* [Work task]
Among the entries that follow, locate the line with "4、直接來到批量批量圖片轉換的主頁面,我點擊下邊的添加" and the line with "De acuerdo con". Output those lines and all lines in between, exactly, minus the pictures.

* [Data to examine]

=== Section Start ===

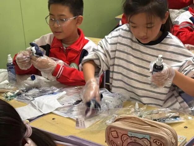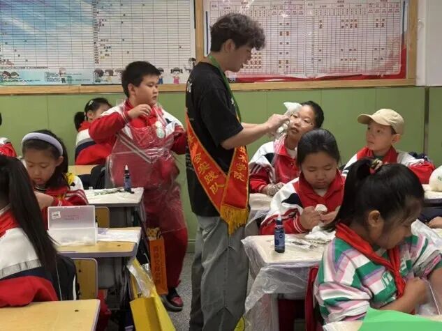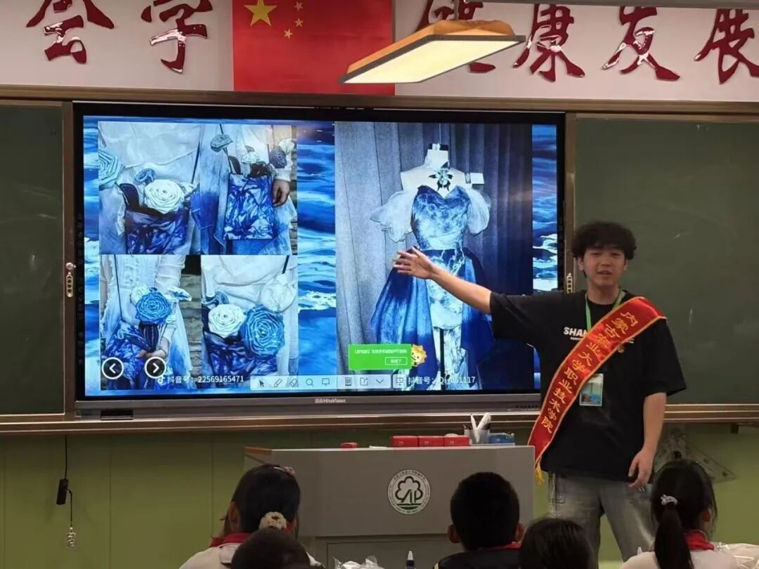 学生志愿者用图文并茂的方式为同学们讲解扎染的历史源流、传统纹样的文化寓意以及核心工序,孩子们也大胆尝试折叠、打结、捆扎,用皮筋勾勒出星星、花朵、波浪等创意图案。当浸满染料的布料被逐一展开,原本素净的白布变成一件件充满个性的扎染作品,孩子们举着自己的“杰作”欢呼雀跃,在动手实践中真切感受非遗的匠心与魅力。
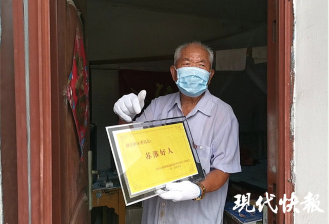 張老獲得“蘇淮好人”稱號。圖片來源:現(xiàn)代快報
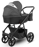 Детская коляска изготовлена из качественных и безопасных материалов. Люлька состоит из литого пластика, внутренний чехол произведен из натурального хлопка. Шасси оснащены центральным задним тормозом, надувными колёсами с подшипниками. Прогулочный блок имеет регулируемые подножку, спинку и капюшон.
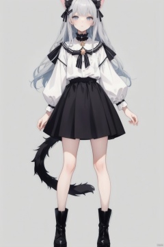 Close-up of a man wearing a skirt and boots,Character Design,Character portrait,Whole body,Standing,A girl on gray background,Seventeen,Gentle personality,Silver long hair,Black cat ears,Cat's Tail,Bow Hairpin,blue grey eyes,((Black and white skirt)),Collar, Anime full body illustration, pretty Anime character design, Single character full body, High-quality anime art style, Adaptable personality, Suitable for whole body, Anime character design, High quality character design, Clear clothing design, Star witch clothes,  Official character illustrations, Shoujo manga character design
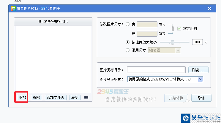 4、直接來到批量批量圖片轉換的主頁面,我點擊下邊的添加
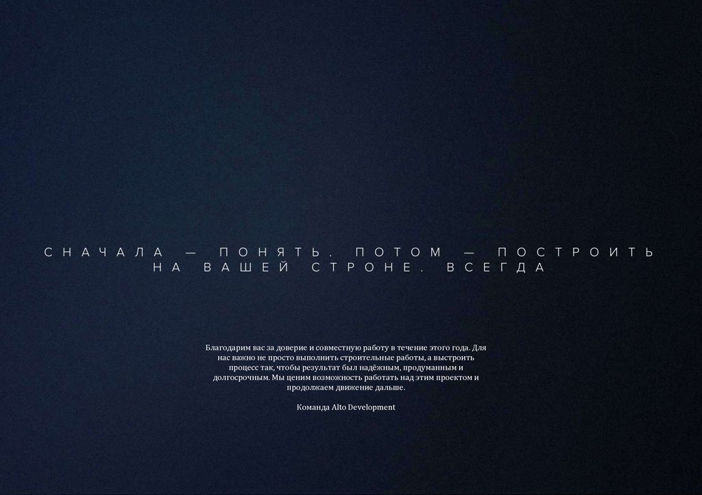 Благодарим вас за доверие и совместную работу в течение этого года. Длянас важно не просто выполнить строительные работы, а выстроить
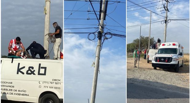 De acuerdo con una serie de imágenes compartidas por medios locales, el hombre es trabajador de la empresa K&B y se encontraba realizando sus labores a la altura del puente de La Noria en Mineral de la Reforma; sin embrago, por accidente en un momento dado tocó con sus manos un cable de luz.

=== Section End ===
=== Section Start ===

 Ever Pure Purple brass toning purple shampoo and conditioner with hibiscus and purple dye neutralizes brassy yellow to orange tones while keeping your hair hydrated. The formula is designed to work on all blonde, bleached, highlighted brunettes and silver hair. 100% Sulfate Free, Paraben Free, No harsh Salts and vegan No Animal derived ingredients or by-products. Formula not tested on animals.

=== Section End ===

* [Solved problem]
 4、直接來到批量批量圖片轉換的主頁面,我點擊下邊的添加
 Благодарим вас за доверие и совместную работу в течение этого года. Длянас важно не просто выполнить строительные работы, а выстроить
 De acuerdo con una serie de imágenes compartidas por medios locales, el hombre es trabajador de la empresa K&B y se encontraba realizando sus labores a la altura del puente de La Noria en Mineral de la Reforma; sin embrago, por accidente en un momento dado tocó con sus manos un cable de luz.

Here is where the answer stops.